Linguists discuss different languages in relation to each other all the time, and its important that they have means to accurately discern speech sounds in these discussions. In articulatory phonetics, linguists can discuss speeech sounds by how they are physiologically produced, or in acoustic phonetics, linguists can discuss sounds in terms of their physical properties (Mihalcek and Wilson, 2011, p 36). For the purpose of universally representing all the sounds of the world's languages, the International Phonetic Association developed the International Phonetic Alphabet or IPA system.
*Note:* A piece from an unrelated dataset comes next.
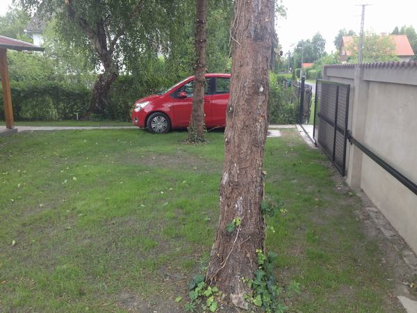 Autostellplatz, Gartenmöbeln, grose Garten.
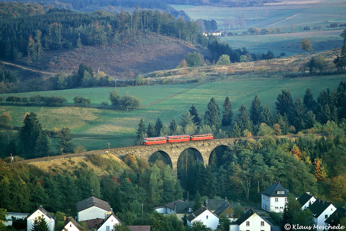 Hoch oben in der Eifel von der Burg in Daun aus hat man diesen Blick auf das dortige Viadukt der Mosel-Maare Bahn. Am Nachmittag des 16. Oktober 1981 um kurz nach halb Fünf fällt gerade noch etwas Sonne ins Lehbachtal um den vorletzten Zug des Tages an die Mosel zu beleuchten. Klaus Meschede hielt die Szene für die Nachwelt im Bild fest.

It is an alphabetic system of notation which attempts to establish individual characters for every physical speech sound or phoneme (IPA, Handbook).
Phonology | /phonology/
Phonetics is concerned with the physical properties of speech sounds. Phonology is concerned with how speakers of a language mentally represent physical speech sounds in their head. For instance, does cat end with the same speech sound that the word take starts with? Most native English speakers would respond, "Yes!" However, on closer examination, we find that this is not the case. The "t" in take is aspirated while the "t" in cat is not. Native English speakers can test this. Pronounce each world with your palm facing your mouth at a distance of 1-2 inches. You'll feel a puff of air as you pronounce the "t" in take but not in pronouncing the "t" in cat. For native English speakers, the difference between these two phonemes is not meaningful, and they both are part of the same allophone, or mental representation (Odden, 2005, p. 2-3, 44).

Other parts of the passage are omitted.